Morris Packaging wins county support

The Cole County Commission has approved a development agreement to allow Morris Packaging of Bloomington, Ill., to locate an operation in Jefferson City to produce bags for dog food producers.

The agreement, which was approved by the Jefferson City Council on Tuesday night, calls for the city and county to provide a sanitary sewer system to the property, which is located on more than 9 acres of a 25-acre tract west of Alpla.

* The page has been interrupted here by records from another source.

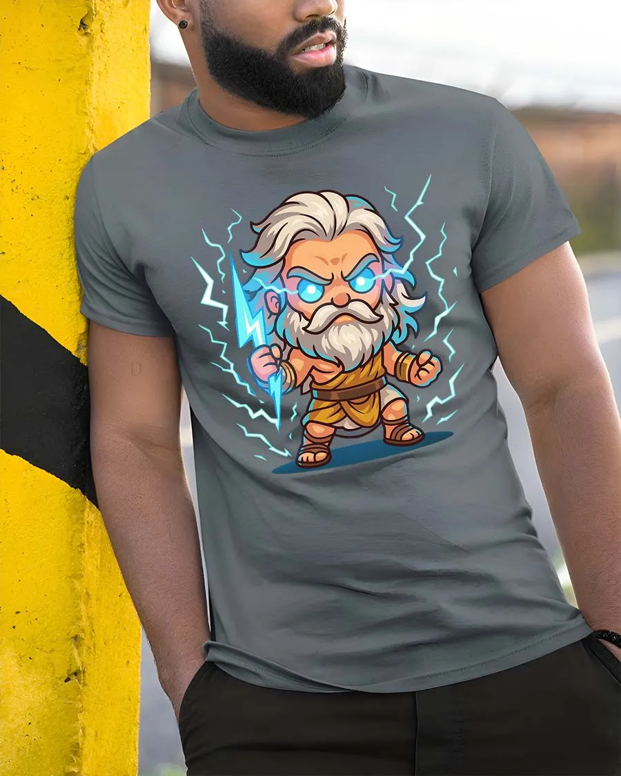 Cute Zeus Lightning T-Shirt Greek God Cartoon Thunder Tee features a fun and powerful cartoon version of the legendary Greek god Zeus.
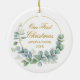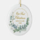 Our First Christmas Eucalyptus Leaves Gold Ceramic Ornament
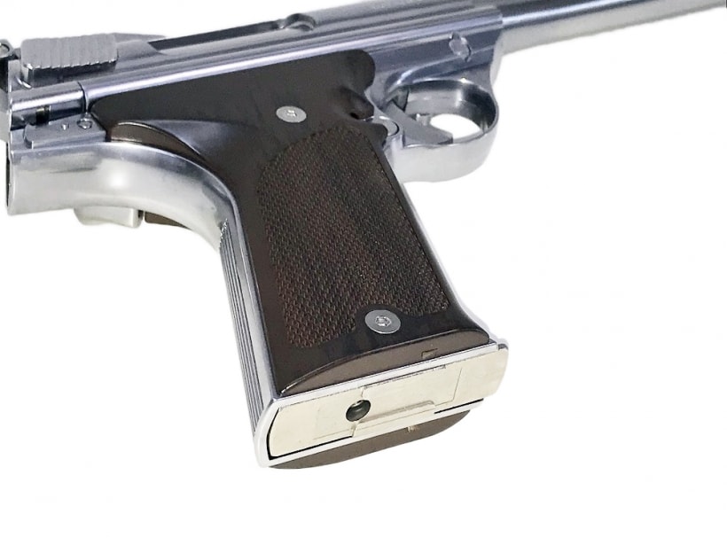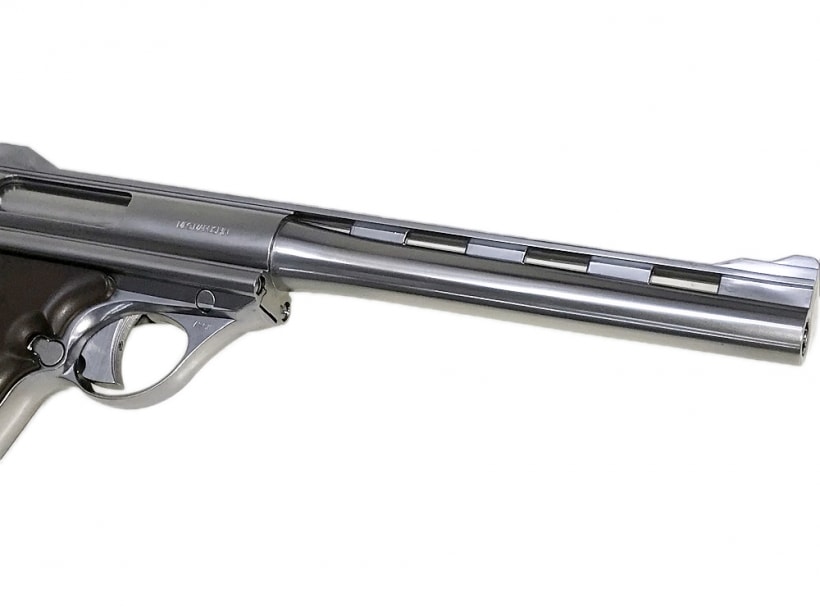 強力な44マグナム弾を使用する、オートマチックピストルの先駆けとなったオートマグが、MAXI8シリーズで登場『ダーティーハリー4』で有名になったロングバレルバージョン。物語に負けることのない迫力を実現!!アルミケースに入った限定モデル!!

The land is owned by the Jefferson City Area Chamber of Commerce.

The city and county also would pay for the extension of the current rail spur at the site when the company requests it.

The company hopes to be in operation by February 2014, and the 20 jobs they plan to bring pay an average salary of $46,000, commissioners were told.

In other commission news Thursday:

• For the second time in his seven years in office, Prosecutor Marc Richardson had to ask the county to pay court costs after an unsuccessful prosecution.

“The law provides that a judge can order the county to pay the court costs if a prosecution is unsuccessful, and Judge (Pat) Joyce did that in this case,” he told commissioners.

The county will have to pay $12,450 in costs, which will have to come out of the general revenue fund.

The appeals court in Kansas City ruled in May that Jeffrey Luke Moad, 27, Eugene, never can be tried again for manslaughter in the Feb. 14, 2006, death of Laura “Katie” Winfrey, 18, New Bloomfield.

His only trial in the case ended with a hung jury in February 2008.

A three-judge appeals court panel ruled that Cole County Circuit Judge Jon Beetem ruled correctly in September 2012 that prosecutors had closed the door to a new trial when they dismissed the original indictment against Moad on Aug. 30, 2010, just 10 days before the scheduled retrial.

• Also at Thursday’s meeting, it was announced that a major maintenance and repair project at the courthouse and courthouse annex had been completed.

MTS Contracting Inc., out of Springfield was awarded the job in April after submitting the lowest of three bids, $188,613, to do work such as brick and stone repointing, removing and resetting bricks and repairing stones.

Commissioners said they were pleased with the work and had compliments on the appearance of the buildings.